What the task requires
Using the data below, reproduce exactly the lines from the line with "北京时间12月23日,澳大利" to the line with "10月7日、三沢市立第三中学", both included; pictures must be dropped.

Entries shown
__________________________________________________

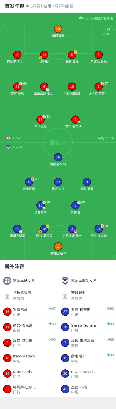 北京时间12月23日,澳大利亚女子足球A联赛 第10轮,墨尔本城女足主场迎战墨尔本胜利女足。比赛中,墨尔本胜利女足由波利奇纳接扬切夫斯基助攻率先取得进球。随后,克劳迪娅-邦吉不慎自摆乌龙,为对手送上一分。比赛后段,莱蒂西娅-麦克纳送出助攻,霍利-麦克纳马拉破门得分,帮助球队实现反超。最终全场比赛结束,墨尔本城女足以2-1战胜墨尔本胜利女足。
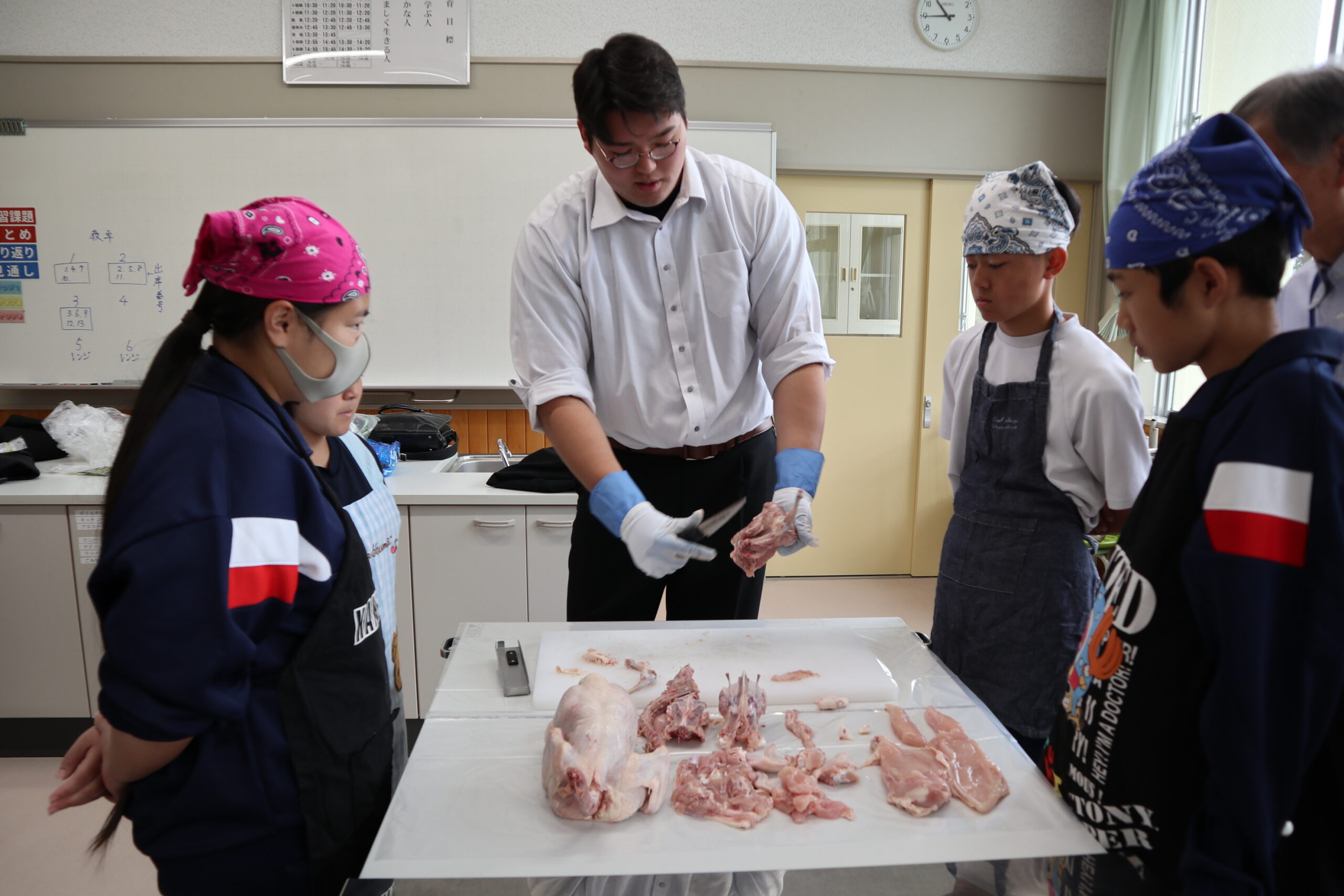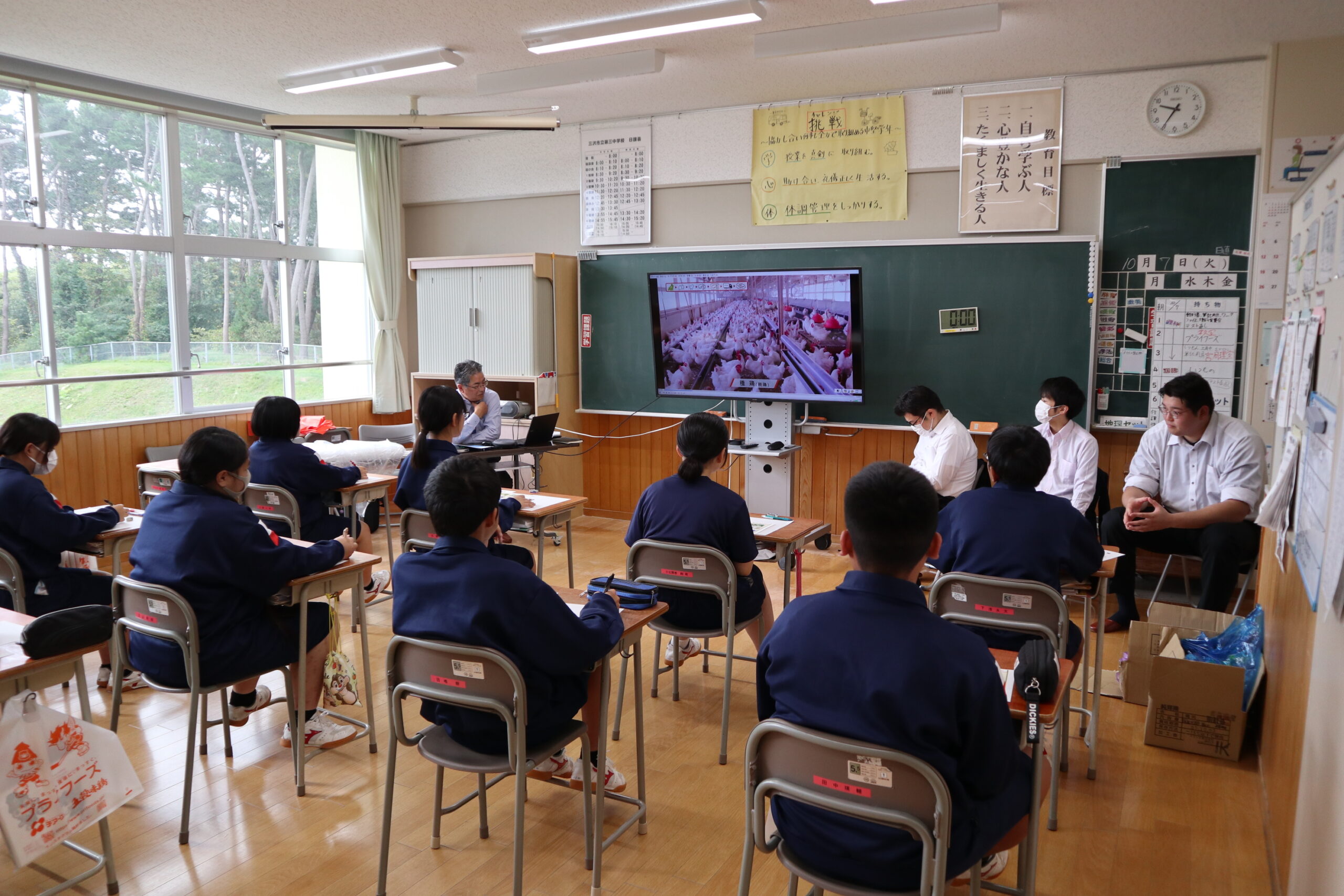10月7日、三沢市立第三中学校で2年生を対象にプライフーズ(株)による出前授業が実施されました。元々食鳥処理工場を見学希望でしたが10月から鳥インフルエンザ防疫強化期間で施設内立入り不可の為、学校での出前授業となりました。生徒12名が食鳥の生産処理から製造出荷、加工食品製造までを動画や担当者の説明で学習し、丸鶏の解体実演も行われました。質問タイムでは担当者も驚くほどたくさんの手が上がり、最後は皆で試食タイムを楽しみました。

__________________________________________________

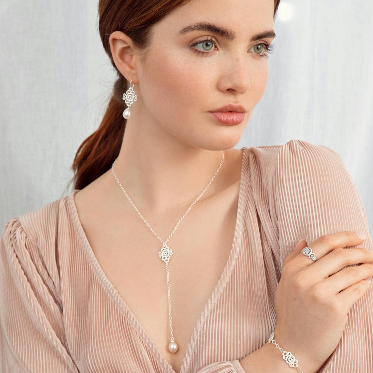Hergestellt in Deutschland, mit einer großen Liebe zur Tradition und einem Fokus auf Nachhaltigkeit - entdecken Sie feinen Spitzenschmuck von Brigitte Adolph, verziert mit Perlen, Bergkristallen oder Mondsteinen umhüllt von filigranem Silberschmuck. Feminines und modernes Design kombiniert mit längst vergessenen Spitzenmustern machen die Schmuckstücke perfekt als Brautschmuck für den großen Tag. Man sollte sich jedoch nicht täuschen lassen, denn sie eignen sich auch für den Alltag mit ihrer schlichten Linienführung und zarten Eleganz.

__________________________________________________

Reply
 北京时间12月23日,澳大利亚女子足球A联赛 第10轮,墨尔本城女足主场迎战墨尔本胜利女足。比赛中,墨尔本胜利女足由波利奇纳接扬切夫斯基助攻率先取得进球。随后,克劳迪娅-邦吉不慎自摆乌龙,为对手送上一分。比赛后段,莱蒂西娅-麦克纳送出助攻,霍利-麦克纳马拉破门得分,帮助球队实现反超。最终全场比赛结束,墨尔本城女足以2-1战胜墨尔本胜利女足。
10月7日、三沢市立第三中学校で2年生を対象にプライフーズ(株)による出前授業が実施されました。元々食鳥処理工場を見学希望でしたが10月から鳥インフルエンザ防疫強化期間で施設内立入り不可の為、学校での出前授業となりました。生徒12名が食鳥の生産処理から製造出荷、加工食品製造までを動画や担当者の説明で学習し、丸鶏の解体実演も行われました。質問タイムでは担当者も驚くほどたくさんの手が上がり、最後は皆で試食タイムを楽しみました。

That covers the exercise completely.